→ Activity
Of the lines below, write out exactly those from the line with "L 2,5 cm/1 pulgada 200 cm/78,7 pulgadas" through the line with "Zapatos de hombre", both included, and skip the rest.

→ Supplied data
BEGIN

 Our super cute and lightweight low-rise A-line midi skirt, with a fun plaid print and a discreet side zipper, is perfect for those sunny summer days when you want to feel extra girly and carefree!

END
BEGIN

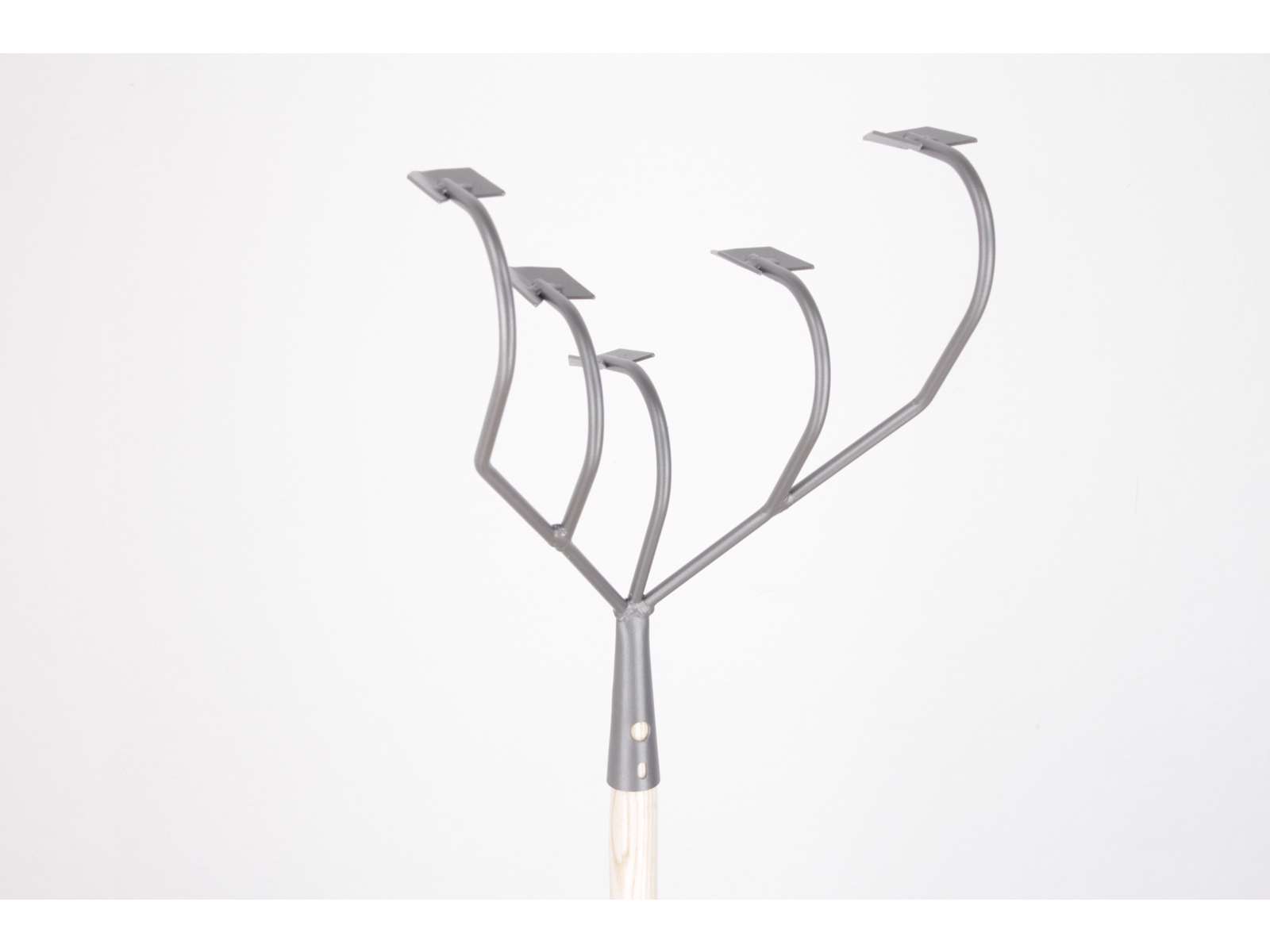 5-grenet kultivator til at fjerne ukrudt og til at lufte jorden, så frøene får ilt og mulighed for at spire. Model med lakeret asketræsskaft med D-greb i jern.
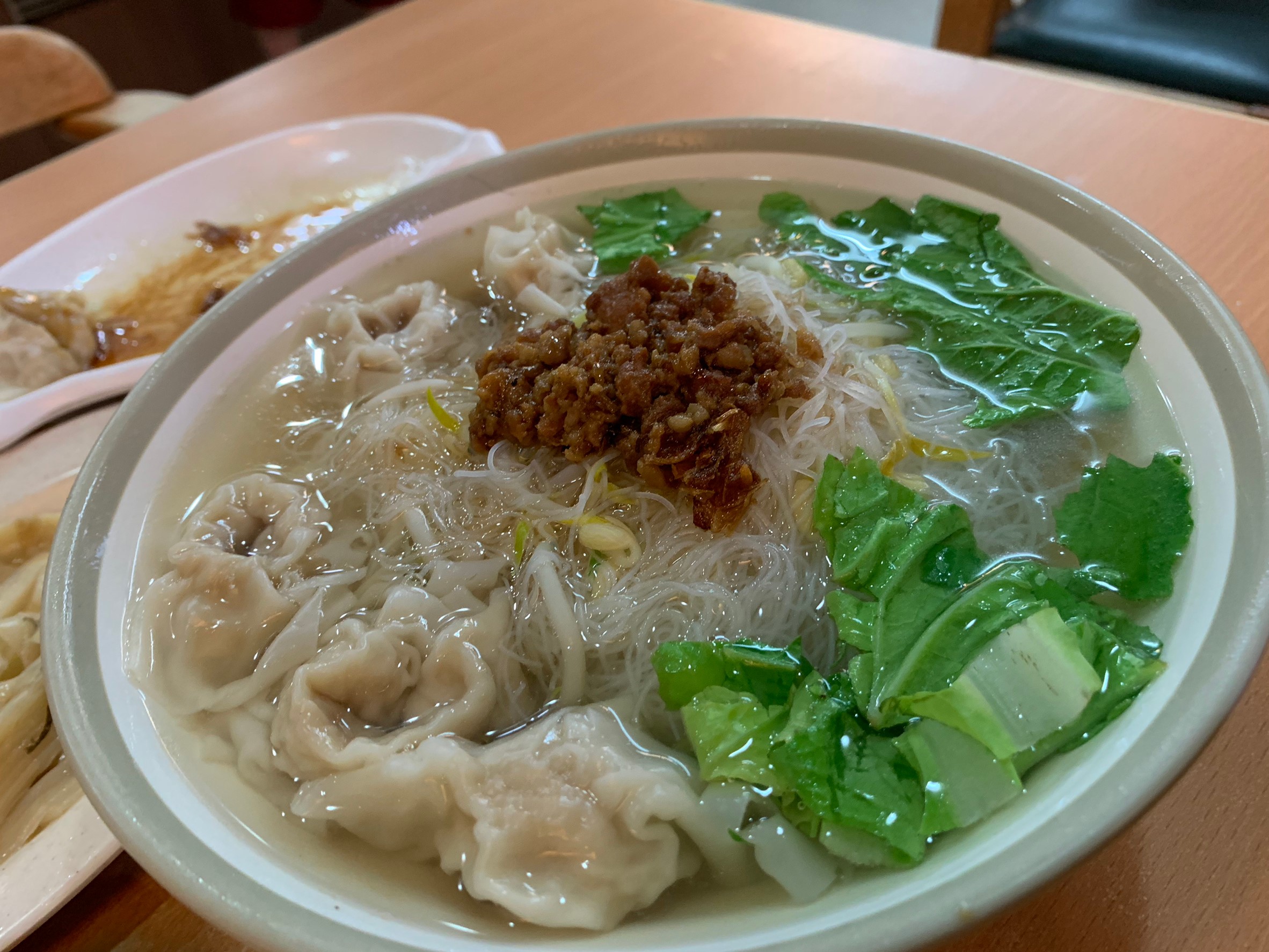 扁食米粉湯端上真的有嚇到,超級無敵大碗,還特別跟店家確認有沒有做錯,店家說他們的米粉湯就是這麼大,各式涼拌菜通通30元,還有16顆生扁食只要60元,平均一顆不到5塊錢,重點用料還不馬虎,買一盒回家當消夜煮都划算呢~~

END
BEGIN

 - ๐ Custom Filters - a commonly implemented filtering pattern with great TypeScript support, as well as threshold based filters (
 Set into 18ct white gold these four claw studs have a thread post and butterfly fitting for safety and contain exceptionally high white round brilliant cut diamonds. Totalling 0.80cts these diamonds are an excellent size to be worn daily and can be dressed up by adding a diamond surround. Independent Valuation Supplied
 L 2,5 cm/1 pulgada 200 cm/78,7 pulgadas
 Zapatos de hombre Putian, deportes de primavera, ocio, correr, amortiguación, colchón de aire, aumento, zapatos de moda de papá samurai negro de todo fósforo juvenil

END

→ Result of the task
 L 2,5 cm/1 pulgada 200 cm/78,7 pulgadas
 Zapatos de hombre Putian, deportes de primavera, ocio, correr, amortiguación, colchón de aire, aumento, zapatos de moda de papá samurai negro de todo fósforo juvenil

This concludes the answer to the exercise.